What this task involves: Reproduce the material below line by line, beginning with its first line and ending with the line that contains "Make individually cut"; leave out pictures.

Raw data:
'''

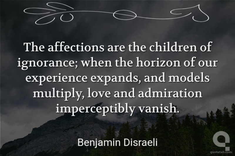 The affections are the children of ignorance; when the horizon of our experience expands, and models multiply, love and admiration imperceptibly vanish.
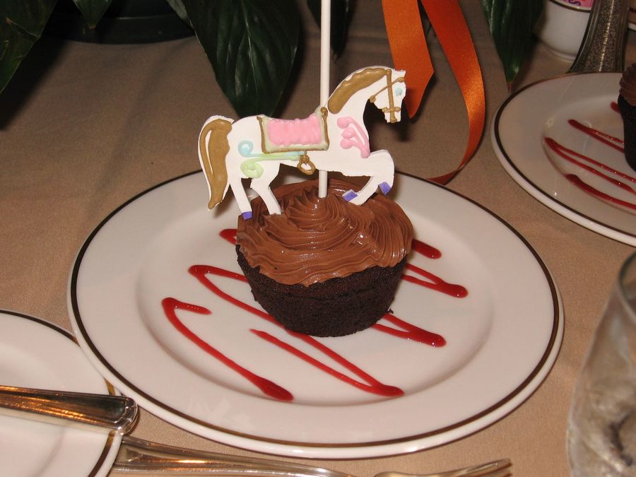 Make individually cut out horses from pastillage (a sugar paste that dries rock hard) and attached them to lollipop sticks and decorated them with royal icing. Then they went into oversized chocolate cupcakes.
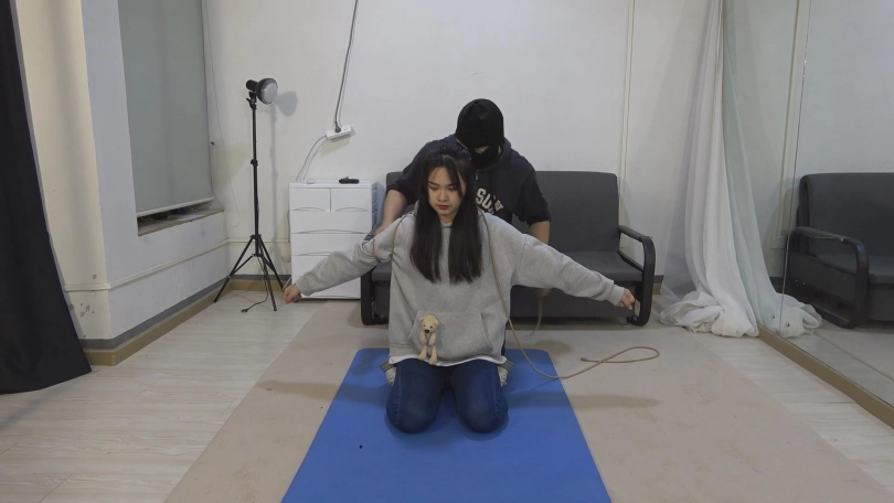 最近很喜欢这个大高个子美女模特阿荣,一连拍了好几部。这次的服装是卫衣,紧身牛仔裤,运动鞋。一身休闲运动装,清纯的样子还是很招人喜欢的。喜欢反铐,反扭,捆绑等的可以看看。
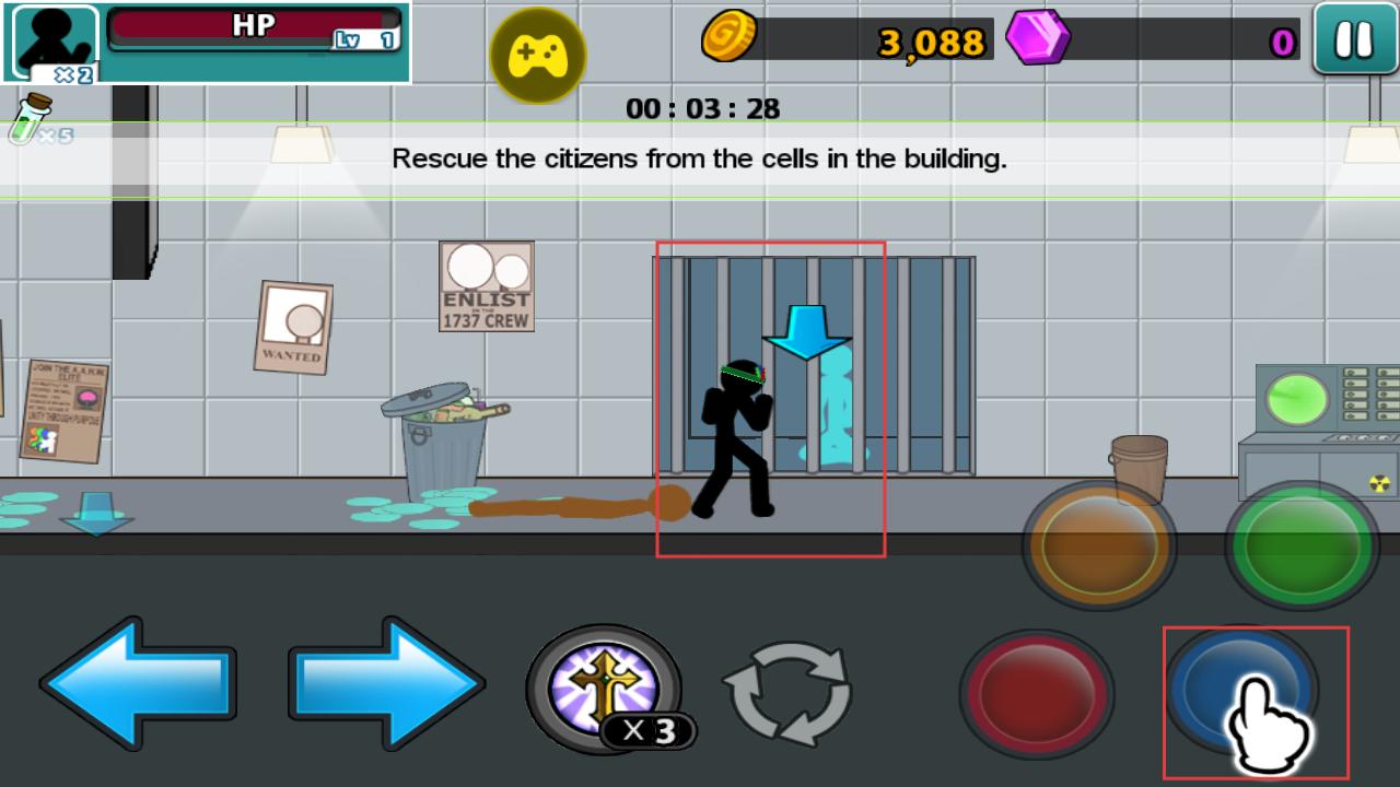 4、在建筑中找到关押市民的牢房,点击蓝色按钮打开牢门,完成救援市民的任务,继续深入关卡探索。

'''

Solution to this exercise:
 The affections are the children of ignorance; when the horizon of our experience expands, and models multiply, love and admiration imperceptibly vanish.
 Make individually cut out horses from pastillage (a sugar paste that dries rock hard) and attached them to lollipop sticks and decorated them with royal icing. Then they went into oversized chocolate cupcakes.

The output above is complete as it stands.